Dataset below:

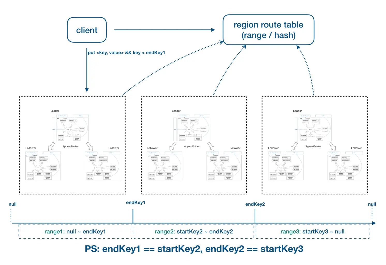 我们会因为各种各样的需求而去构建一个 Raft 集群,如果你的目标是实现一个存储系统的话,那单个 Raft 集群可能没有办法承载你所有的存储需求;如果你的目标是实现一个为用户请求提供 Service 的系统的话,因为 Raft 集群内只有 Leader 提供读写服务,所以读写也会形成单点的瓶颈。因此为了支持水平扩展,SOFAJRaft 提供了 Multi-Group 部署模式。如图所示,我们可以按某种 Key 进行分片部署,比如用户 ID,我们让 Group 1 对 [0, 10000) 的 ID 提供服务,让 Group 2 对 [10000, 20000) 的 ID 提供服务,以此类推。
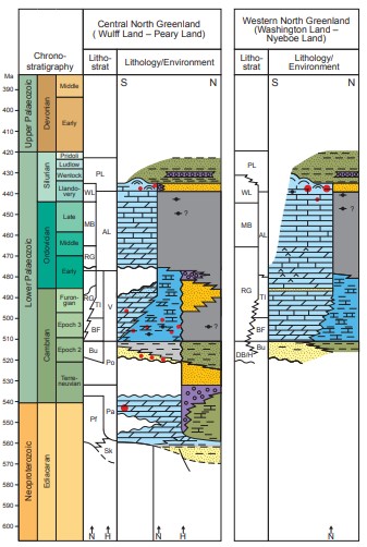 Solid pyrobitumen has also been recorded in other mineral occurrences such as the Citronen Fjord deposit, Peary Land (Van der Stijl & Mosher 1998) and in association with Zn–Pb–Ag occurrences on Washington Land. Here, it is found in the Ordovician succession close to Petermann Gletscher in the east and in the Silurian succession at Kap Schuchert in the west (Jensen 1998). According to von Guttenberg & van der Stijl (1993), bitumen has also been noted in Zn–Pb mineral occurrences in different settings, including Silurian reefs at Kayser Bjerg, Hall Land, in Cambrian carbonate debris flows at Hand Bugt, northern Nyeboe Land and at Kap Wohlge-muth, northern Nares Land (Fig. 3).
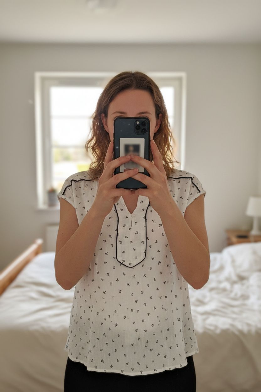 Blouse sans manche blanches scottage debout, face à la caméra, dans une chambre à la lumière douce, avec une lumière naturelle filtrant par la fenêtre.
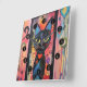 Colorful Abstract Yellow Eyed Cat Square Wall Clock
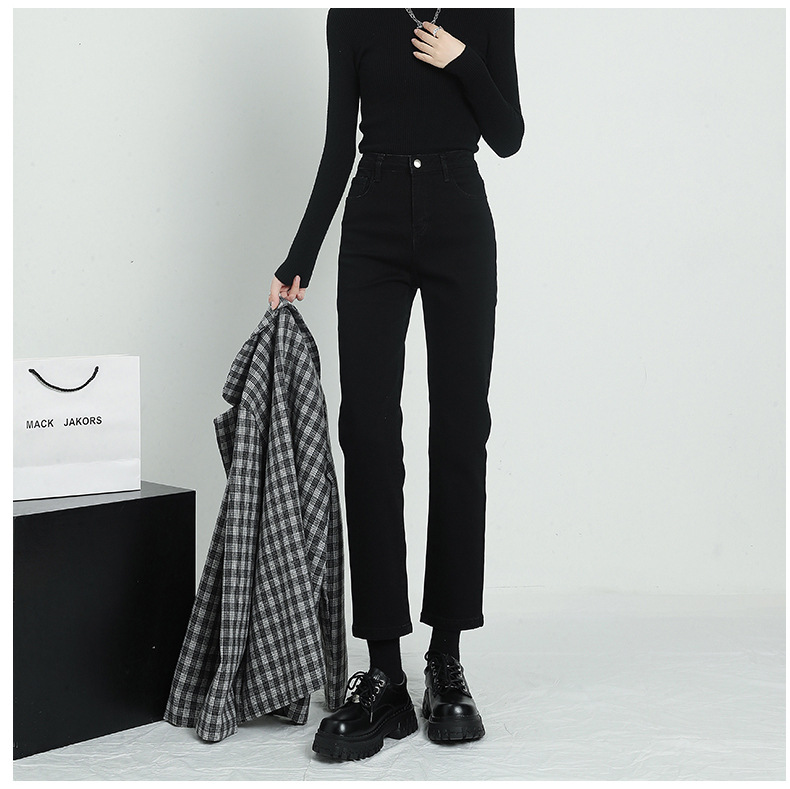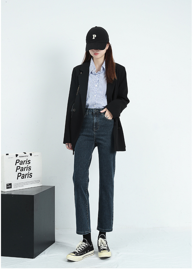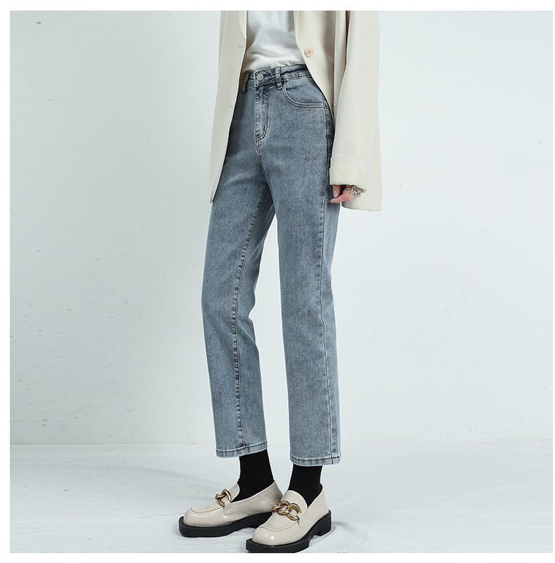 여성 연기 튜브 청바지 2024 봄 새로운 높은 허리 스트레치 슬림 핏 슬리밍 작은 좁은 크롭 스트레이트 팬츠
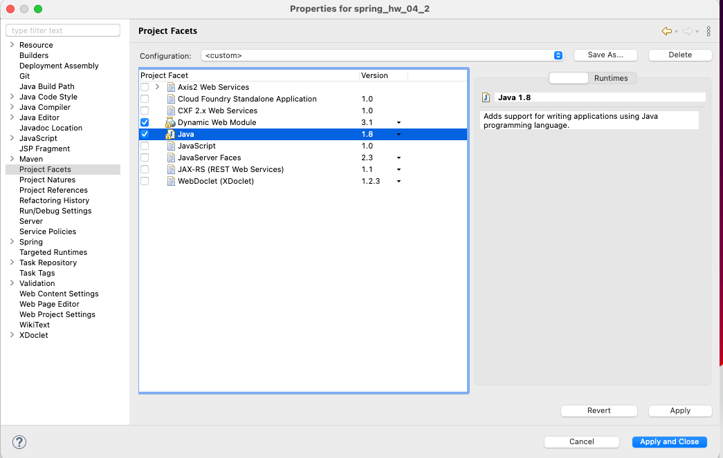 프로젝트의 Properties 에 들어가서 Project Facets 에 버전 또한 수정해줍니다.
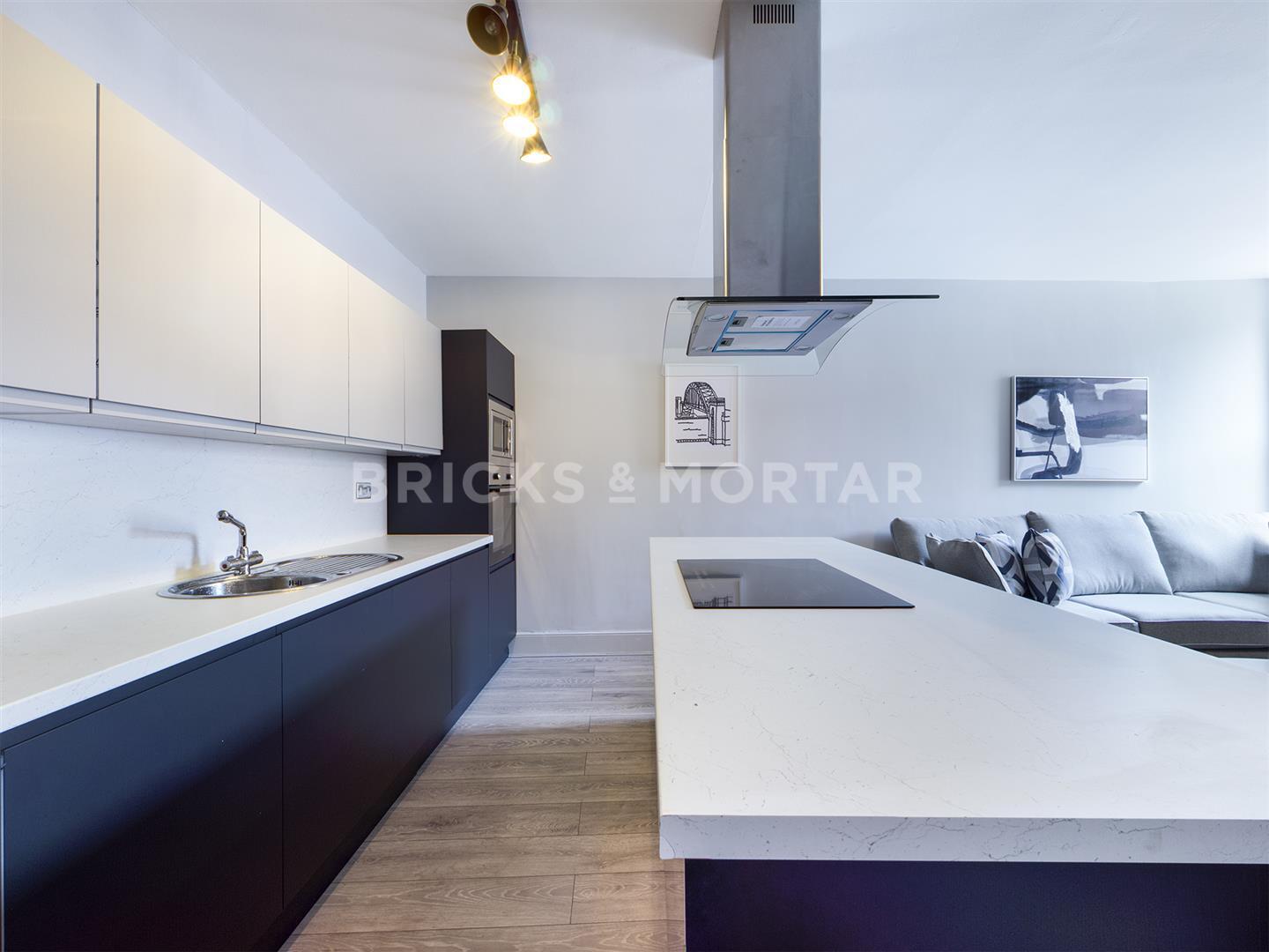 The apartment includes a delightfully modern open plan kitchen and living space which opens onto a balcony. With a beautiful, fully integrated two tone kitchen which includes an island, extractor hood and electric hob, two built-in fridges, double oven, blue and grey units with white marble effect worktops.
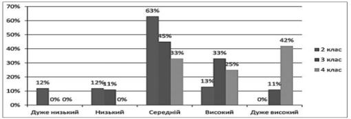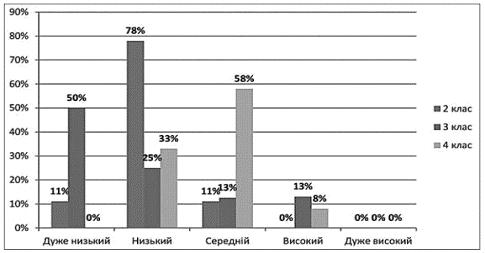 рівень виявлено у більшої частини опитаних дітей. Таким чином, серед опитаних
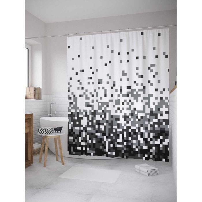 - Модель: Штора-занавеска для ванной из сатена с крючками Скопление клеток 200х180 см
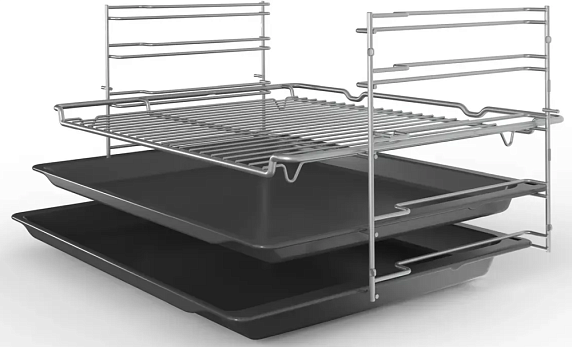 Мощность духового шкафа Бош позволяет максимально ускорить приготовление блюд даже самых внушительных объемов и весов. Поместите продукты на решетку, разместите под ней противень и включите «Большой гриль». В этом режиме включаются все нагревательные элементы гриля. Следуйте рекомендациям в инструкции, чтобы не пересушить продукты.

End of Dataset.

Repeat the records above verbatim, dropping the pictures.

Result of this exercise:
 我们会因为各种各样的需求而去构建一个 Raft 集群,如果你的目标是实现一个存储系统的话,那单个 Raft 集群可能没有办法承载你所有的存储需求;如果你的目标是实现一个为用户请求提供 Service 的系统的话,因为 Raft 集群内只有 Leader 提供读写服务,所以读写也会形成单点的瓶颈。因此为了支持水平扩展,SOFAJRaft 提供了 Multi-Group 部署模式。如图所示,我们可以按某种 Key 进行分片部署,比如用户 ID,我们让 Group 1 对 [0, 10000) 的 ID 提供服务,让 Group 2 对 [10000, 20000) 的 ID 提供服务,以此类推。
 Solid pyrobitumen has also been recorded in other mineral occurrences such as the Citronen Fjord deposit, Peary Land (Van der Stijl & Mosher 1998) and in association with Zn–Pb–Ag occurrences on Washington Land. Here, it is found in the Ordovician succession close to Petermann Gletscher in the east and in the Silurian succession at Kap Schuchert in the west (Jensen 1998). According to von Guttenberg & van der Stijl (1993), bitumen has also been noted in Zn–Pb mineral occurrences in different settings, including Silurian reefs at Kayser Bjerg, Hall Land, in Cambrian carbonate debris flows at Hand Bugt, northern Nyeboe Land and at Kap Wohlge-muth, northern Nares Land (Fig. 3).
 Blouse sans manche blanches scottage debout, face à la caméra, dans une chambre à la lumière douce, avec une lumière naturelle filtrant par la fenêtre.
 Colorful Abstract Yellow Eyed Cat Square Wall Clock
 여성 연기 튜브 청바지 2024 봄 새로운 높은 허리 스트레치 슬림 핏 슬리밍 작은 좁은 크롭 스트레이트 팬츠
 프로젝트의 Properties 에 들어가서 Project Facets 에 버전 또한 수정해줍니다.
 The apartment includes a delightfully modern open plan kitchen and living space which opens onto a balcony. With a beautiful, fully integrated two tone kitchen which includes an island, extractor hood and electric hob, two built-in fridges, double oven, blue and grey units with white marble effect worktops.
 рівень виявлено у більшої частини опитаних дітей. Таким чином, серед опитаних
 - Модель: Штора-занавеска для ванной из сатена с крючками Скопление клеток 200х180 см
 Мощность духового шкафа Бош позволяет максимально ускорить приготовление блюд даже самых внушительных объемов и весов. Поместите продукты на решетку, разместите под ней противень и включите «Большой гриль». В этом режиме включаются все нагревательные элементы гриля. Следуйте рекомендациям в инструкции, чтобы не пересушить продукты.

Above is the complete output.